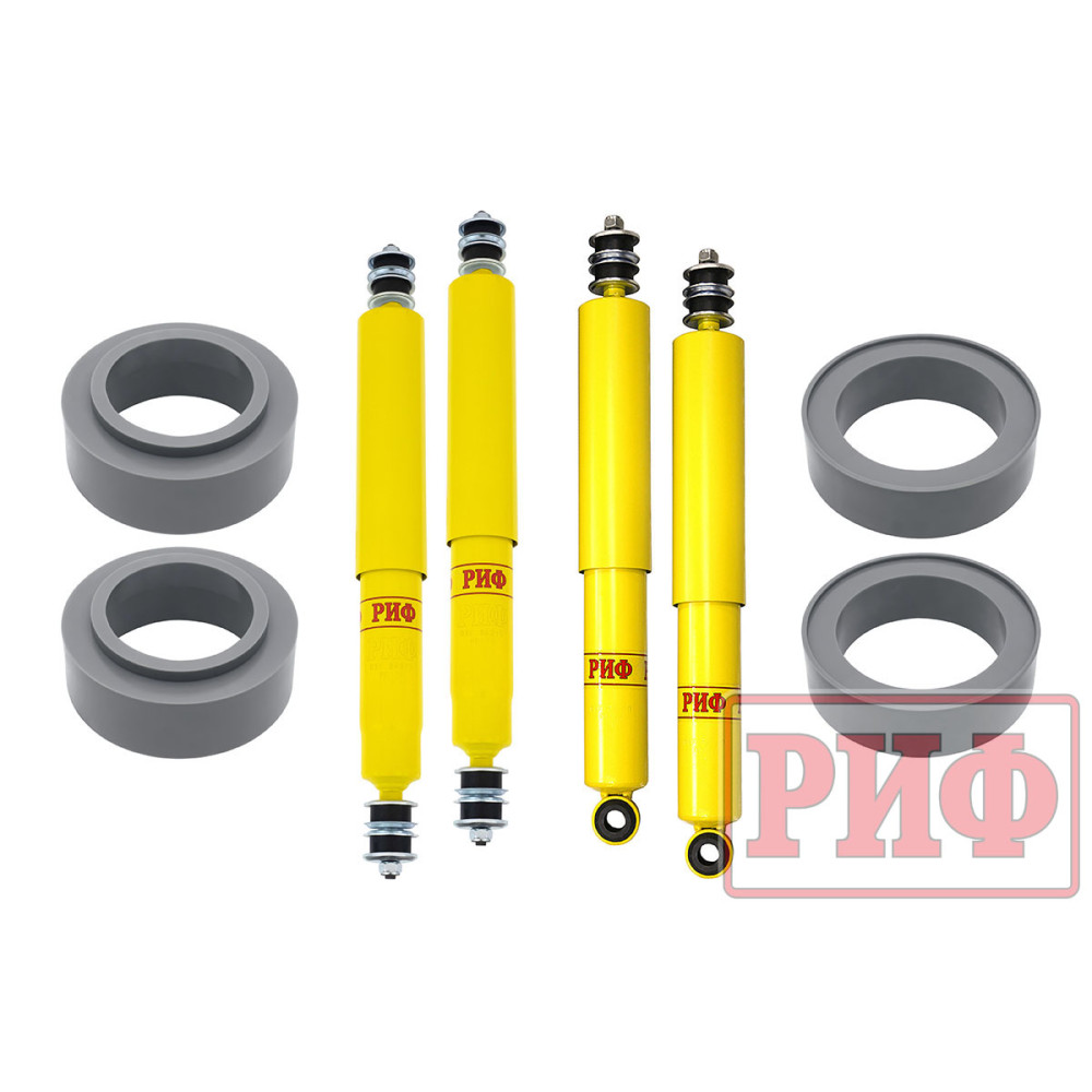 Все компоненты лифт-комплектов РИФ разработаны специально для эксплуатации внедорожника в тяжелых условиях на различных дорожных покрытиях.
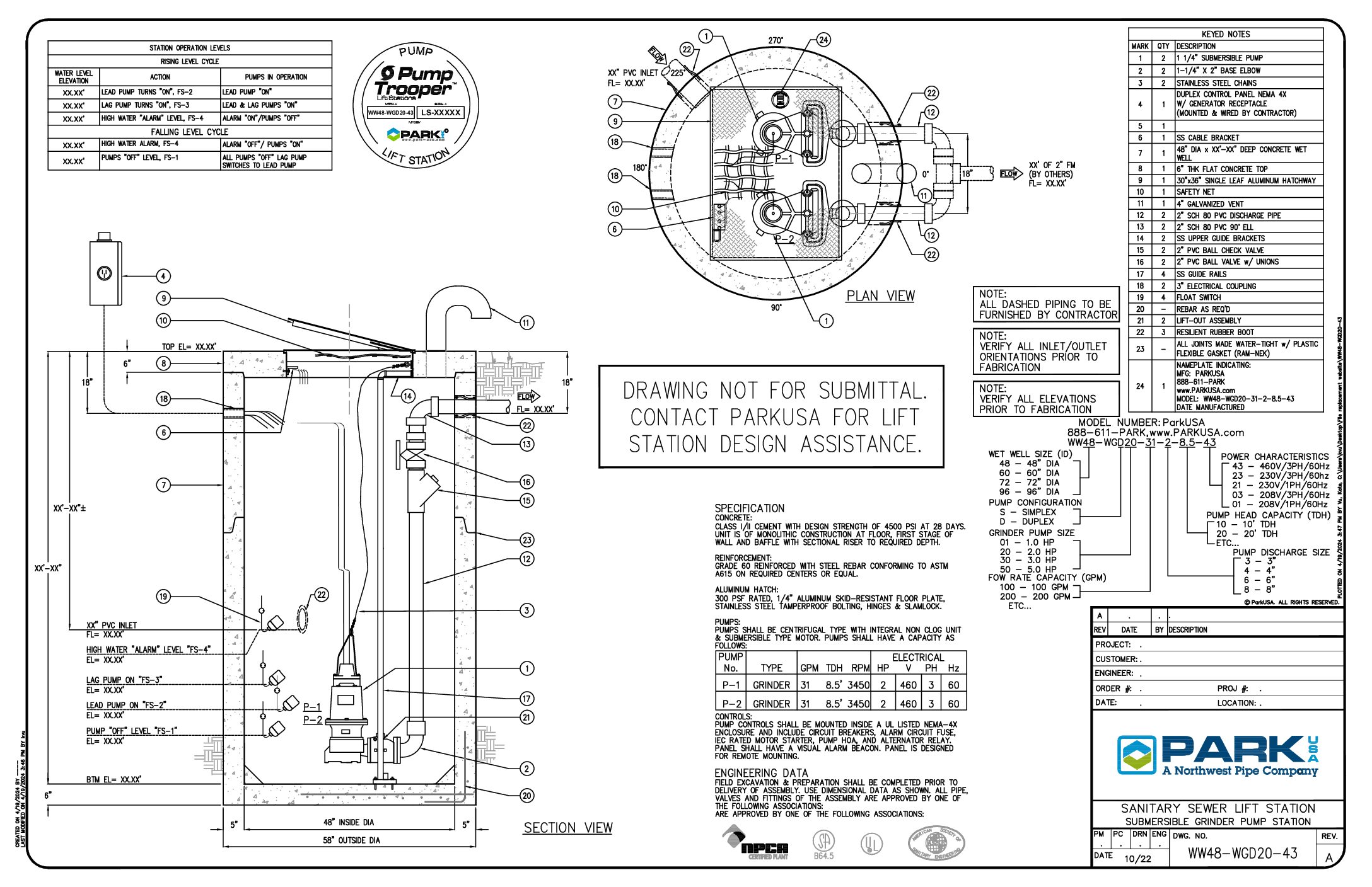 Additional components such as alarms and backup power supplies ensure the safe and reliable operation of the system. The NWPX Park PumpTrooper® is a pre-engineered, fully automated lift station system that includes all internal components installed during production so that it can be easily installed on site once delivered.
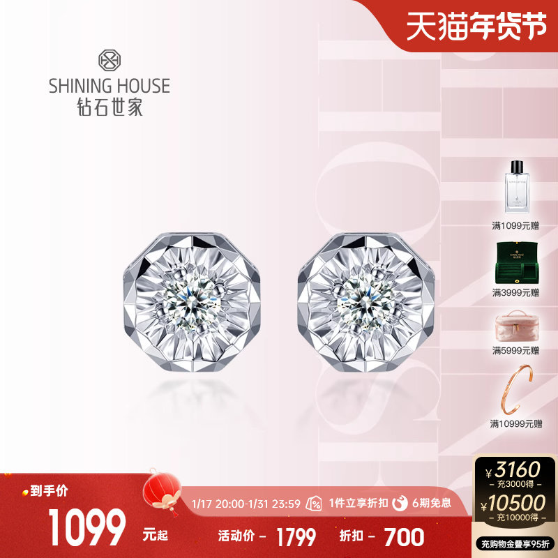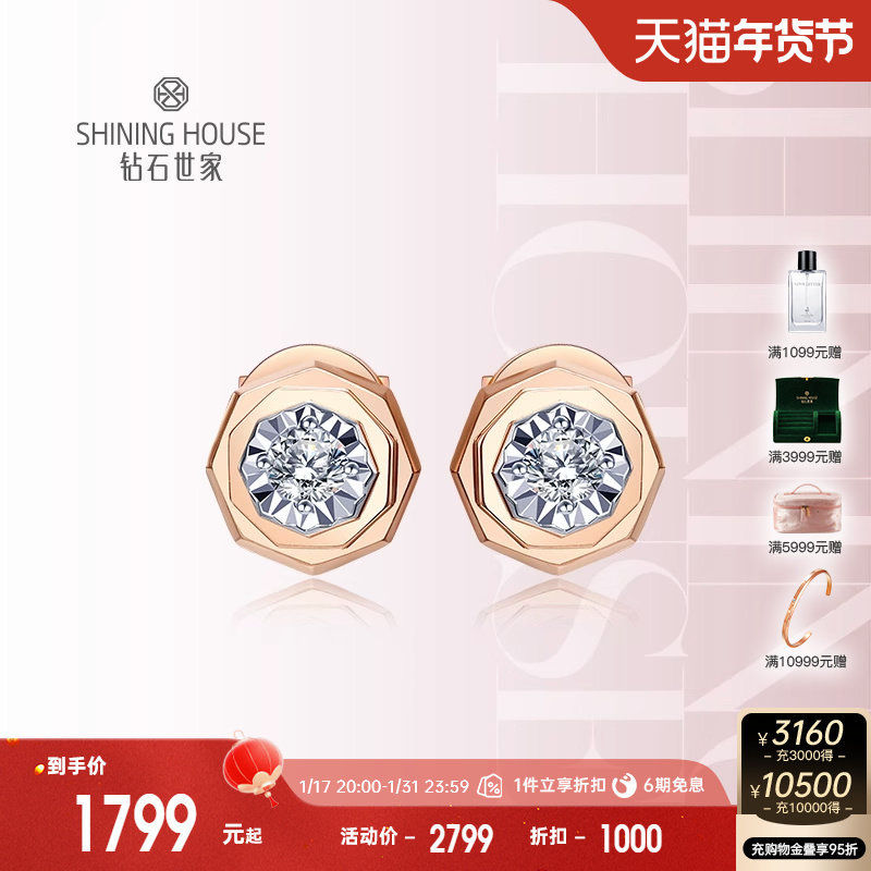 【分期免息】钻石世家星辰系列 18k金钻石耳钉八边形显钻耳饰
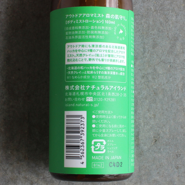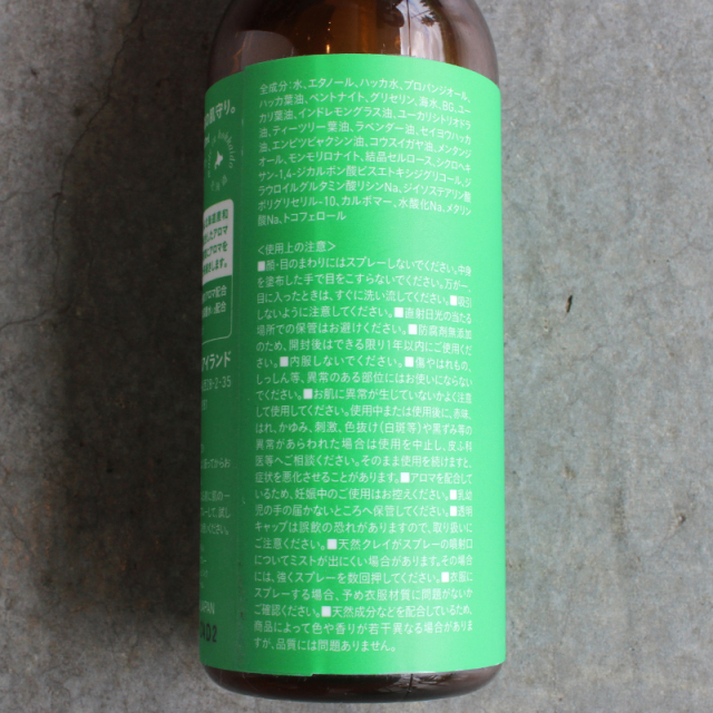 全成分●水、エタノール、ハッカ水、プロパンジオール、ハッカ葉油、ベントナイト、グリセリン、海水、BG、ユーカリ葉油、インドレモングラス油、ユーカリシトリオドラ油、ティーツリー葉油、ラベンダー油、セイヨウハッカ油、エンピツビャクシン油、コウスイガヤ油、メンタンジオール、モンモリロナイト、結晶セルロース、シクロヘキサン-1,4-ジカルボン酸ビスエトキシジグリコール、ジラウロイルグルタミン酸リシンNa、ジイソステアリン酸ポリグリセリル-10、カルボマー、水酸化Na、メタリン酸Na、トコフェロール
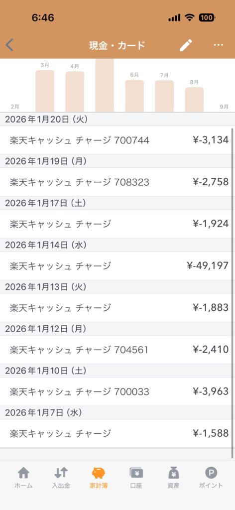 普段は現金ではなくすべて楽天Payでの支払いでその楽天キャッシュのチャージが大半です。
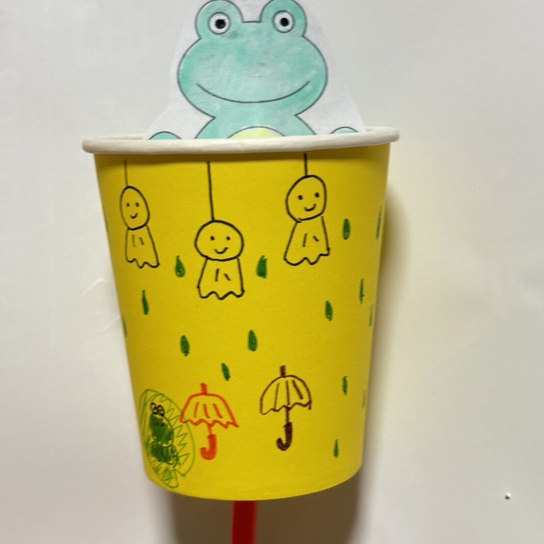 5月の工作ひろばは、「ゲコゲコかえる」づくり。材料は紙コップや曲がるストロー等、身近な素材を使います。ストローを上下に動かすと、「ゲコゲコ」とかえるが鳴きながらコップの中に見え隠れ。紙コップに好きな絵を描いたり、シールを貼ってデコレーションしたり、みなさんとても楽しそうに作成されていました!
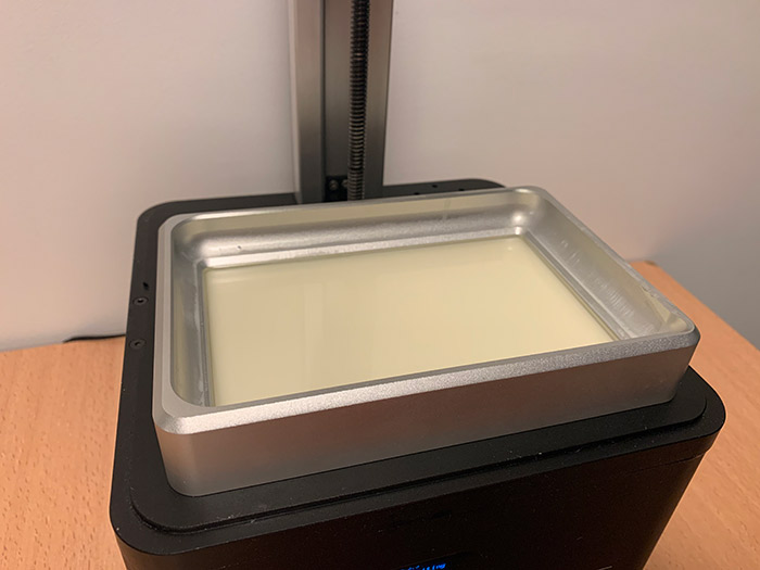 Sie können dann die Harzschale einsetzen, bevor Sie sie manuell mit dem gewünschten Material füllen (wie bei einem Slash+ 3D-Drucker). Es gibt keine automatische Befüllung des Tanks und keine Harzpatrone, die in die Maschine eingebaut werden muss. Dies ist etwas weniger „Plug & Play“ ist und mag manche Leute erschrecken, ist aber ohne echte Schwierigkeiten zu meistern.
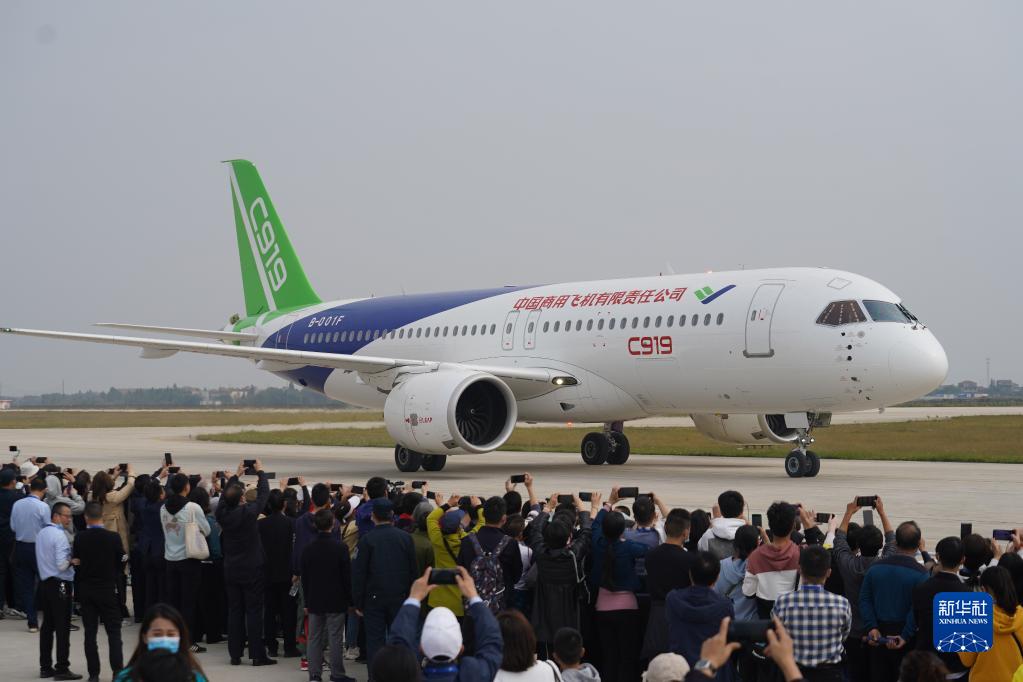 在2020南昌飞行大会上,国产大飞机C919亮相江西南昌瑶湖机场并进行飞行表演(2020年10月31日摄)。
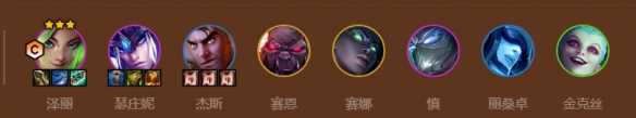站位方面就是低排基克要给到杰斯,因为杰斯技能也可以给队友加攻速,前排就用猪妹去对位控制对面关键卡,遇到潜行者要注意对位。
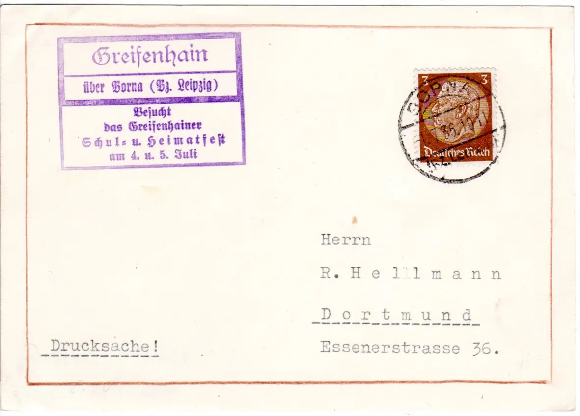 DR 1936, Landpost Stpl. GREIFENHAIN über Borna auf Schul- u. Heimatfest Karte

# Problem statement
The reply should contain all of the data above, word for word, with no pictures.

# Answer section
 Все компоненты лифт-комплектов РИФ разработаны специально для эксплуатации внедорожника в тяжелых условиях на различных дорожных покрытиях.
 Additional components such as alarms and backup power supplies ensure the safe and reliable operation of the system. The NWPX Park PumpTrooper® is a pre-engineered, fully automated lift station system that includes all internal components installed during production so that it can be easily installed on site once delivered.
 【分期免息】钻石世家星辰系列 18k金钻石耳钉八边形显钻耳饰
 全成分●水、エタノール、ハッカ水、プロパンジオール、ハッカ葉油、ベントナイト、グリセリン、海水、BG、ユーカリ葉油、インドレモングラス油、ユーカリシトリオドラ油、ティーツリー葉油、ラベンダー油、セイヨウハッカ油、エンピツビャクシン油、コウスイガヤ油、メンタンジオール、モンモリロナイト、結晶セルロース、シクロヘキサン-1,4-ジカルボン酸ビスエトキシジグリコール、ジラウロイルグルタミン酸リシンNa、ジイソステアリン酸ポリグリセリル-10、カルボマー、水酸化Na、メタリン酸Na、トコフェロール
 普段は現金ではなくすべて楽天Payでの支払いでその楽天キャッシュのチャージが大半です。
 5月の工作ひろばは、「ゲコゲコかえる」づくり。材料は紙コップや曲がるストロー等、身近な素材を使います。ストローを上下に動かすと、「ゲコゲコ」とかえるが鳴きながらコップの中に見え隠れ。紙コップに好きな絵を描いたり、シールを貼ってデコレーションしたり、みなさんとても楽しそうに作成されていました!
 Sie können dann die Harzschale einsetzen, bevor Sie sie manuell mit dem gewünschten Material füllen (wie bei einem Slash+ 3D-Drucker). Es gibt keine automatische Befüllung des Tanks und keine Harzpatrone, die in die Maschine eingebaut werden muss. Dies ist etwas weniger „Plug & Play“ ist und mag manche Leute erschrecken, ist aber ohne echte Schwierigkeiten zu meistern.
 在2020南昌飞行大会上,国产大飞机C919亮相江西南昌瑶湖机场并进行飞行表演(2020年10月31日摄)。
站位方面就是低排基克要给到杰斯,因为杰斯技能也可以给队友加攻速,前排就用猪妹去对位控制对面关键卡,遇到潜行者要注意对位。
 DR 1936, Landpost Stpl. GREIFENHAIN über Borna auf Schul- u. Heimatfest Karte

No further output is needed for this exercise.